When you catch yourself being harsh, the goal isn’t to scold yourself for it. That only adds another layer of criticism. Instead, notice it with curiosity and make a compassionate correction.

For example: “I’m being really hard on myself right now. Let me try that again.”

Over time, this practice helps weaken the inner critic and strengthens a kinder, more balanced internal voice.

3. Use the Body to Reinforce Compassion

Self-compassion isn’t just a mental exercise—it’s also a physical one. I often remind clients that our nervous systems respond to touch and physical cues of safety.

Simple, gentle gestures can help reinforce feelings of care and grounding. This might include placing a hand over your heart when you feel overwhelmed, holding your own hand when you feel lonely, or gently rubbing your temples when you’re stressed.

These small actions send a powerful message to the body: I am safe. I am cared for.

When Self-Compassion Feels Too Hard

For some people—especially those with very low self-esteem or trauma histories—these practices can feel uncomfortable at first or almost impossible, and they may need extra support.
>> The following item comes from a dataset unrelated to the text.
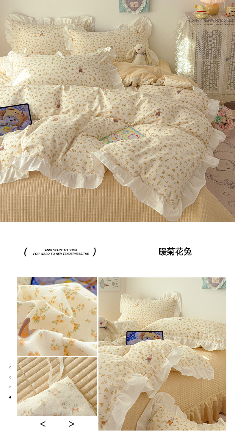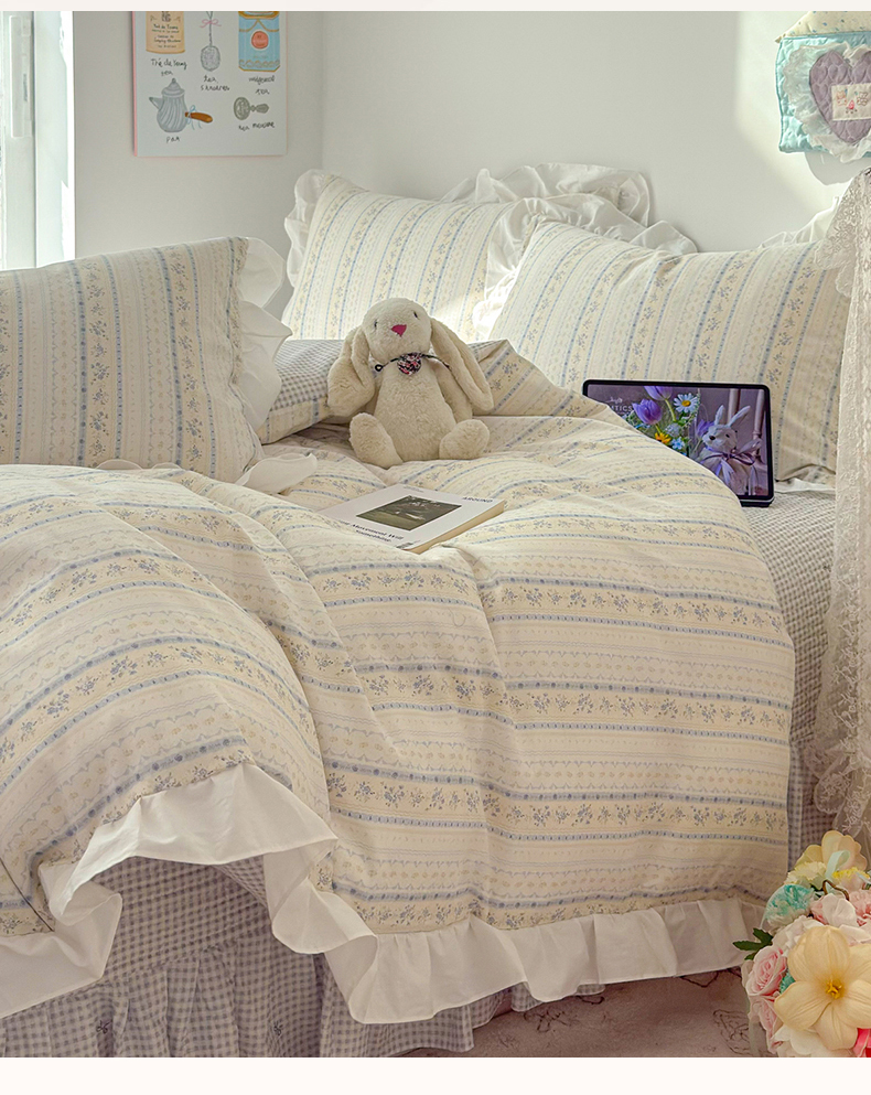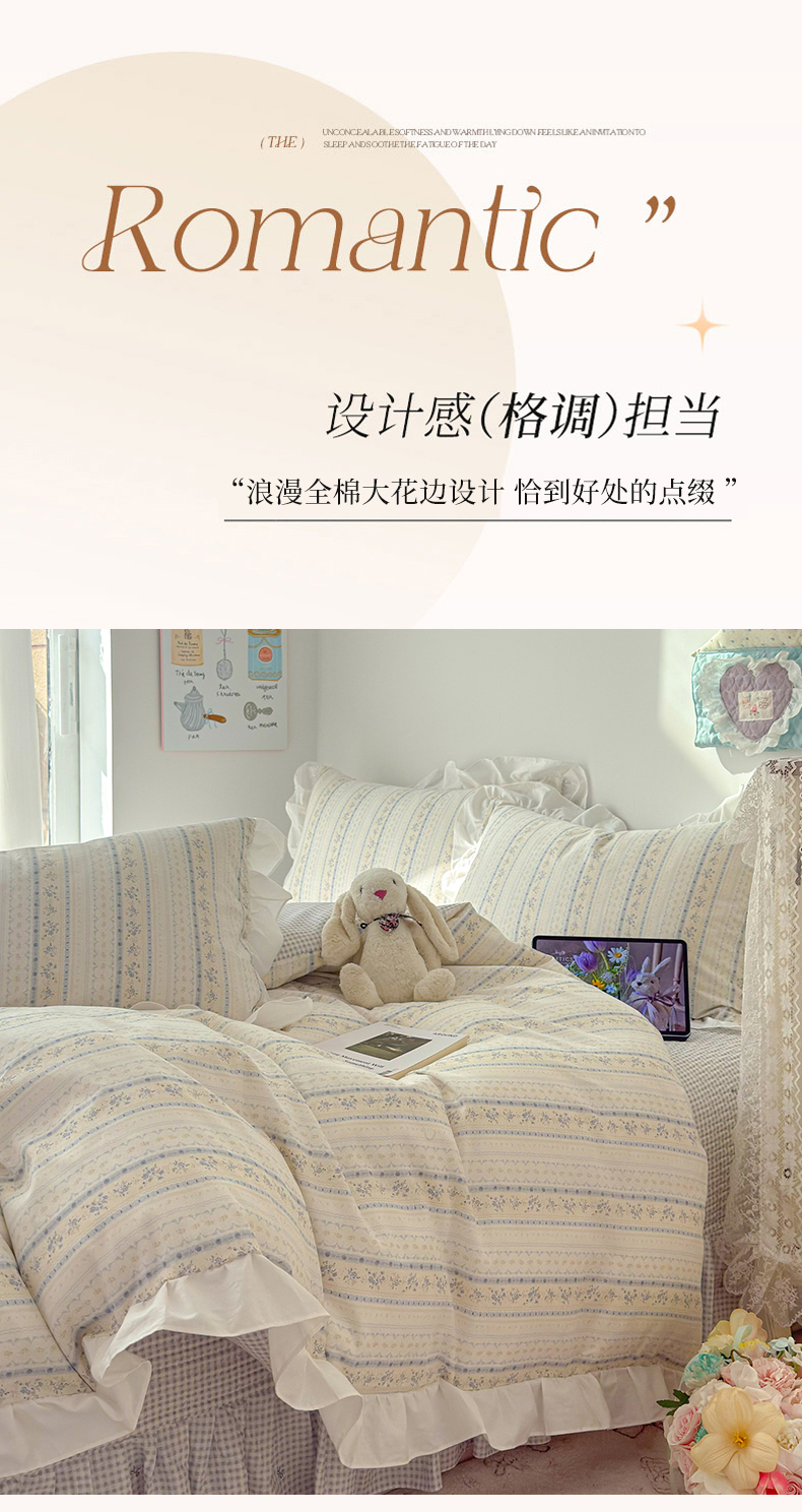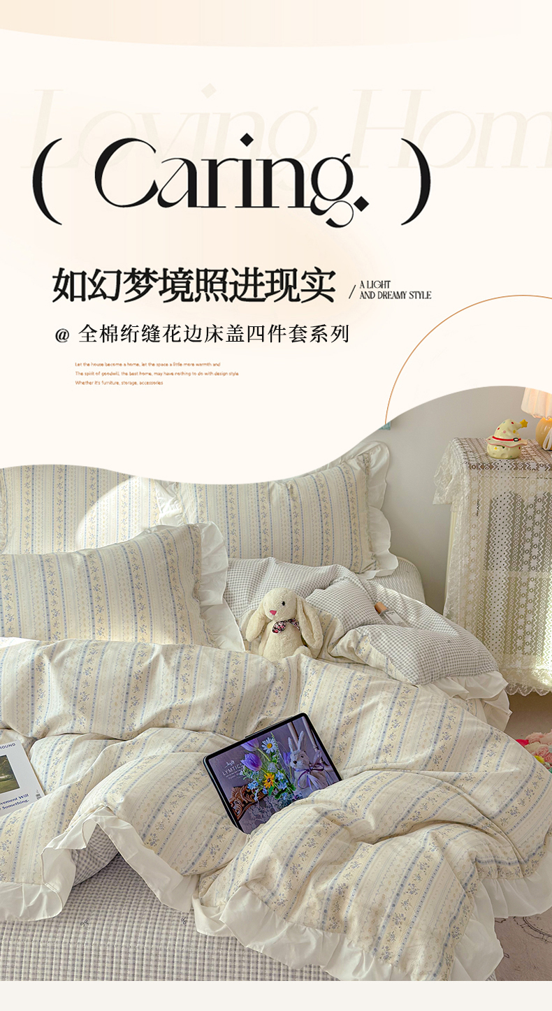 当前位置: 91家纺网 > 商品网购 > 床品套件 > 四件套 > 全棉普通四件套 > 女子家纺 2026新款全棉纯棉绗缝花边床盖四件套 素条花-蓝

In these cases, working with a therapist can be incredibly helpful. Therapy provides a safe space to explore where self-criticism comes from and how to replace it with healthier, more supportive ways of thinking and responding.

Support is Available

Self-compassion is about learning how to use care as a motivator, rather than criticism

Clients who develop self-compassion become more resilient, grounded, and emotionally balanced.